Amphiuridae (commonly called long-armed burrowing brittle stars or burrowing brittle stars) are a large family of brittle stars of the suborder Gnathophiurina. Some species are used to study echinoderm development (e.g. Amphipholis kochii and Amphioplus abditus) and bioluminescence (the dwarf brittle star, Amphipholis squamata).

Characteristics
Amphiuridae are generally small brittlestars.
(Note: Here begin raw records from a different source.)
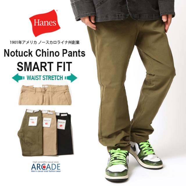 Hanes ヘインズ ストレッチ チノパンツ メンズ 紳士 ノータックパンツ レギュラー
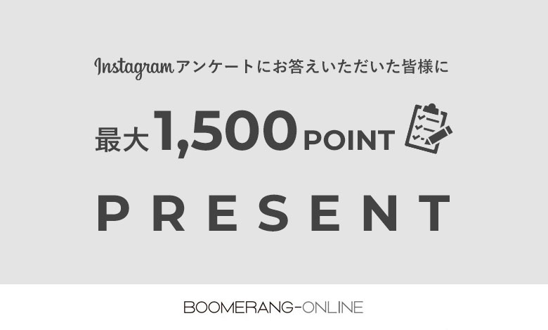 BOOMERANG-ONLINEのインスタグラムアンケートにご回答&ご登録で最大1,500ポイントプレゼント!
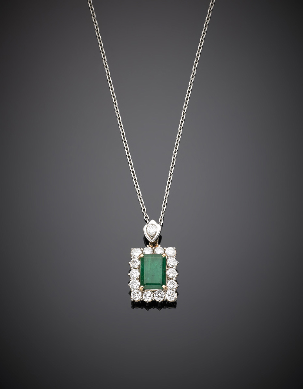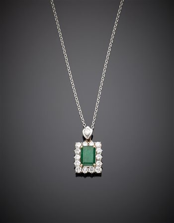 Catenina con pendente in oro bianco e giallo, smeraldo rettangolare di ct.2,20 e diamanti rotondi di contorno, g.7,50 lungh. catenina cm 41,00 circa Bi-coloured gold linkchain with a ct.2,20 rectangular emerald and diamond surround pendant, g.7,50 chain length cm 41,00 circa
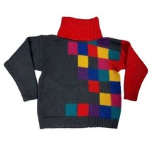 VTG 1980s Wool Colorblock Turtleneck Sweater Unisex Sz M L Retro
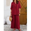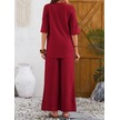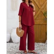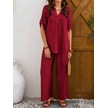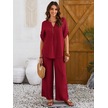 Kadın Kısa Kollu V Hakim Yaka Düğmeli Bürümcük Bluz Ve Pantolon Ikili Takım Bordo
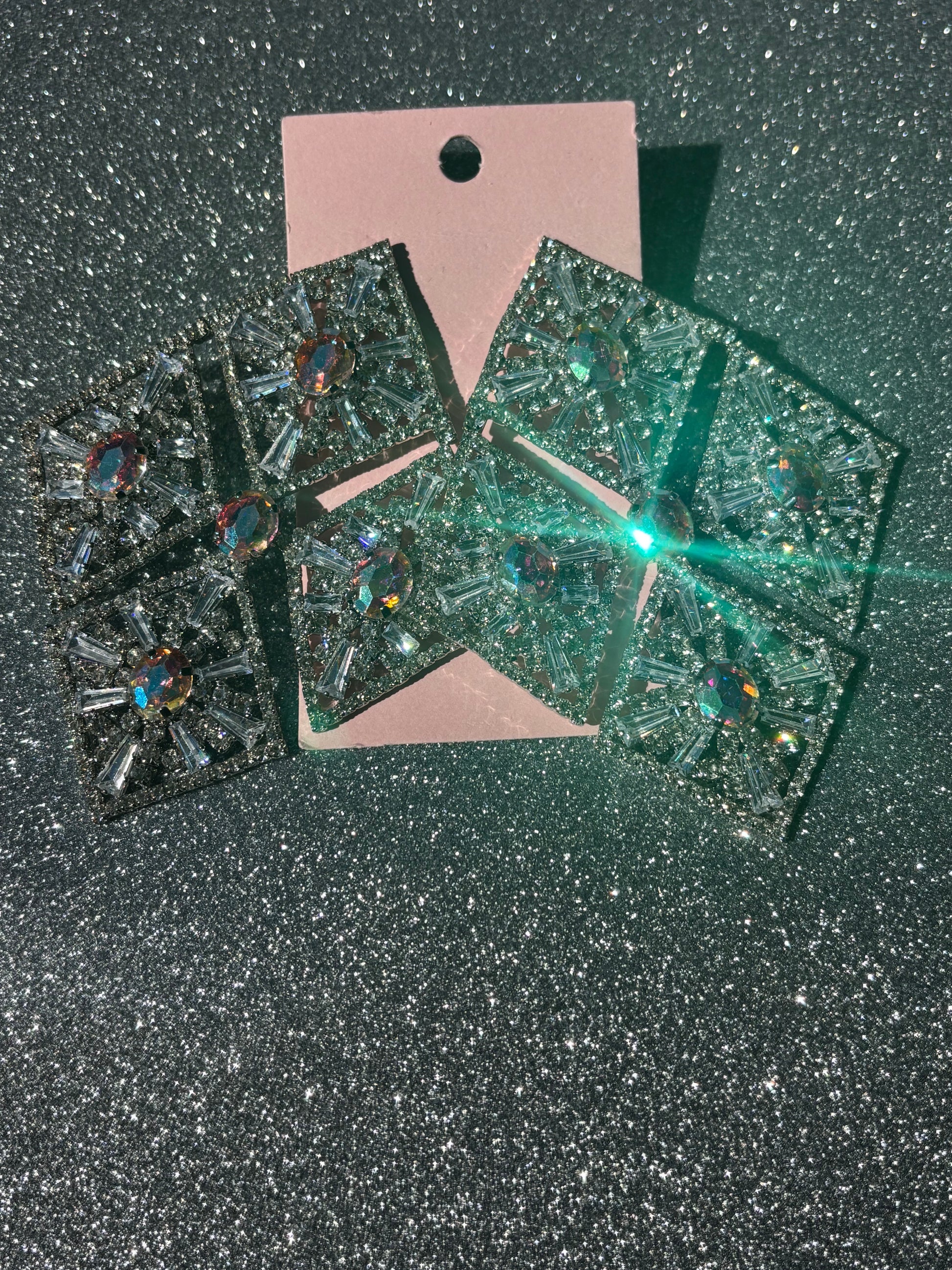 ✨ Oversized Glass Stone Embellished Diamond Frame Chandelier Evening Earrings ✨
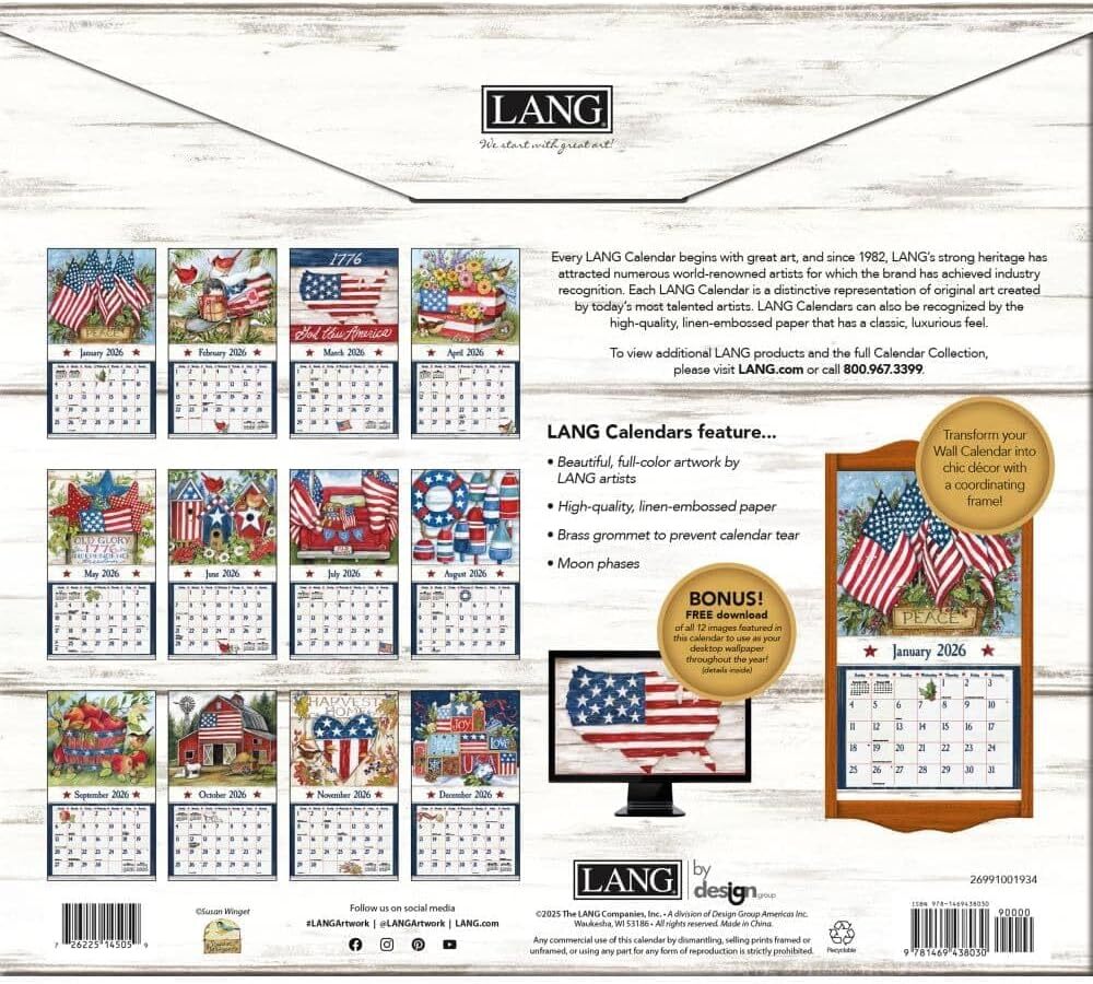 - Patriotic artwork ? monthly American patriotic illustrations for inspiration and national pride. - Wall format ? large grid sizes for easy scheduling and clear monthly organization. - Ideal size ? measures 13.4" x 12" closed, expanding to 13.4" x 24" when open for prominent display. - Stapled binding ? high-quality linen-embossed paper with brass grommet for durability throughout the year. - Full coverage ? 12-month Standard calendar starting 1/1/2026 with major U.S. holidays and mo

Their jaws are always with two apical papillae at the tip, and one or more papillae on each side.

Systematics and phylogeny
Amphiuridae are the most diverse family of Ophiurida with over 200 species. The family contains the following genera:

In addition, two extinct genera are known:
 † Deckersamphiura Jagt, 2000
 † Xanthamphiura Hess 1970

Ecology
Amphiuridae are found in oceans worldwide from tropics to Arctic and Antarctic regions, with some species living in brackish water. They live mostly by burrowing in the seafloor or hiding under rocks. Most of them are herbivores feeding directly on algae, or detritus feeders, using their long arms to direct organic materials towards their mouths.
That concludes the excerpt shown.